Georgia Tech is retooling with host of new names

He already endured a season without a home when McCamish Pavilion was renovated. He’s watched NCAA tournament regulars — Syracuse, Notre Dame, Pittsburgh and now Louisville — join an ACC that’s much stouter than the one he entered in 2011.

But Gregory had an idea all of that was coming. The phone call in mid-May that Robert Carter Jr., his best returning player, was transferring because he was looking for “a better position to accomplish his goals” was a shocker.

So in essence, Gregory lost his frontcourt in one fell swoop — departing seniors Daniel Miller and Kammeon Holsey and Carter, who averaged 11.4 points and 8.4 rebounds last season despite missing 10 games with a meniscus tear.

“Disappointed,” Gregory said of his reaction. “We had conversations about the summer and next year and different things like that. But I felt the best thing was to just move on. You have two choices: You can wallow around or you can figure something out, so we figured something out.”

He started by bringing in Demarco Cox, a redshirt senior transfer from Ole Miss, who will play his final season of eligibility for Tech. Cox has a 6-foot-8, 276-pound body to help fill Carter’s void quite literally. Gregory added Maryland transfer Charles Mitchell — which is coincidentally the school where Carter landed. Mitchell, a Wheeler High graduate, was granted immediate eligibility by the NCAA to be near his ailing grandmother. Gregory also brought in Alabama transfer Nick Jacobs, who’ll sit out the season by NCAA rule.

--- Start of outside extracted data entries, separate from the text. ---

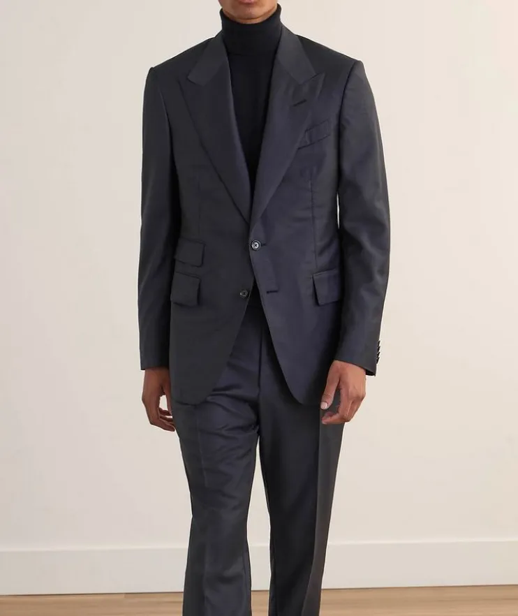 - This suit has been crafted in a slim fit, designed to sit close against the body.
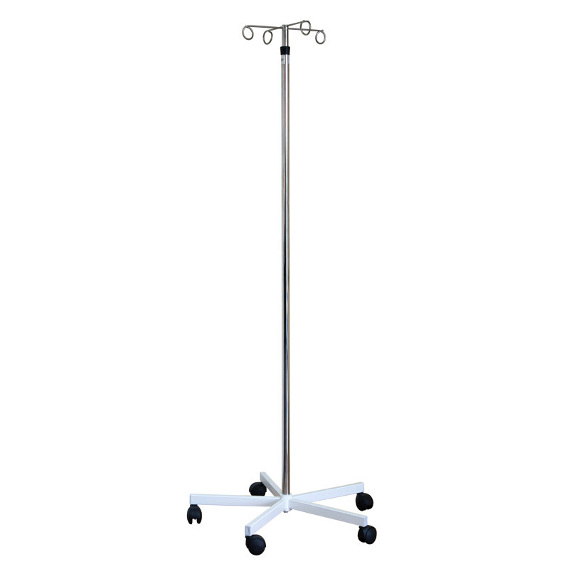 - Cztery uchwyty do płynów infuzyjnych, Podstawa metalowa, Koła gumowa (do twardych powierzchni, 2 koła z hamulcem)
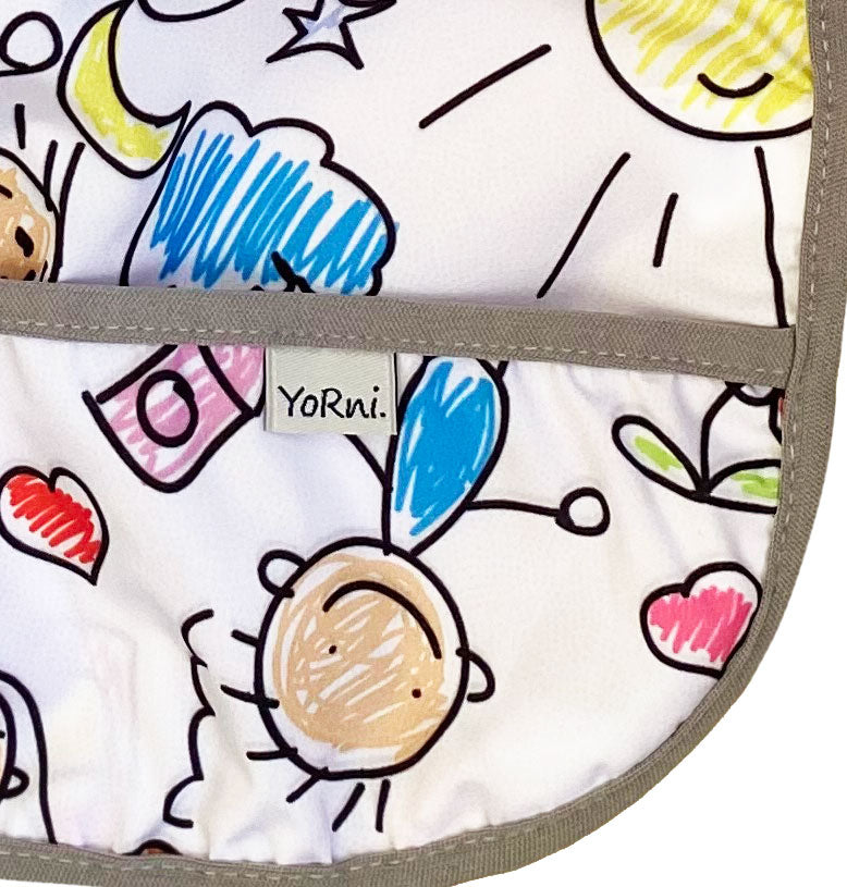 Oyun ve yemek zamanlarında en büyük yardımcınız! Yiyeceklerle oynamayı seven minikler için tasarlanan Yorni uzun kollu önlük, hem sıvı geçirmez hem de makinede yıkanabilir özel teknik kumaşıyla çocuğunuzun kıyafetlerini korur.

Point guard Josh Heath transferred from South Florida and was granted immediate eligibility because his father Stan Heath, was fired as the coach at South Florida. The 6-foot-8 forward Robert Sampson, son of Ralph Sampson, who transferred from East Carolina a year ago, is eligible to play after redshirting last season.

Other than their connections to their fathers, or former teams, a lot of these names sound unfamiliar to those outside Tech’s program. But to the ones on the inside, there’s a feeling of familiarity.

Every player on Tech’s roster was recruited by Gregory.

“This is our first year where everybody in the program has been recruited by us and understands what we’re all about and how we need to be successful,” Gregory said. “Little more (comfortable) with the idea of putting the team first, with the understanding that the more they do that, the more the individual accolades are going to probably increase. It’s not the other way around. And I think our guys have bought into that.”

Solomon Poole was dismissed from Tech’s team in February in the middle of the season and transferred to Florida Atlantic. His brother, Stacy Poole, did not have his scholarship at Tech renewed.

“There were times last year where some of the players thought, ‘I should be issued the ball more,’” said sophomore point guard Corey Heyward, who comes into the season 20 pounds lighter. “This year I feel like we have people buying in, accepting their roles.”

Gregory wants Cox and Mitchell to break out of the mold they got into with their previous teams, when they focused on setting screens and rebounding. And he’s going to lean that much more on junior wing Marcus Georges-Hunt.

Gregory also expects big things from freshman shooting guard Tadric Jackson, a Tift County product who chose Tech over Georgia, Florida State and Ole Miss.

“He has a chance to have an unbelievable impact as a freshman,” Gregory said. “ … He can score off the dribble, pull-ups, runners, floaters, 3s, he can flat out score the basketball, and we’re going to need him to do that. I love his confidence. I get on him in practice. He’ll make a shot, and he’ll give me a look like, ‘This is what I came here for.’ I don’t mind that one bit. He’s a tough kid.”

Gregory meant that in more ways than one. Jackson’s father, Damedric, died suddenly of a stroke in August, on the eve of Jackson’s first college season.

“He went through some tough times,” Gregory said. “He’s bounced back strong, very strong. He was very close with his father, as were his younger brothers, so it was hard on him. It helps you grow up fast.”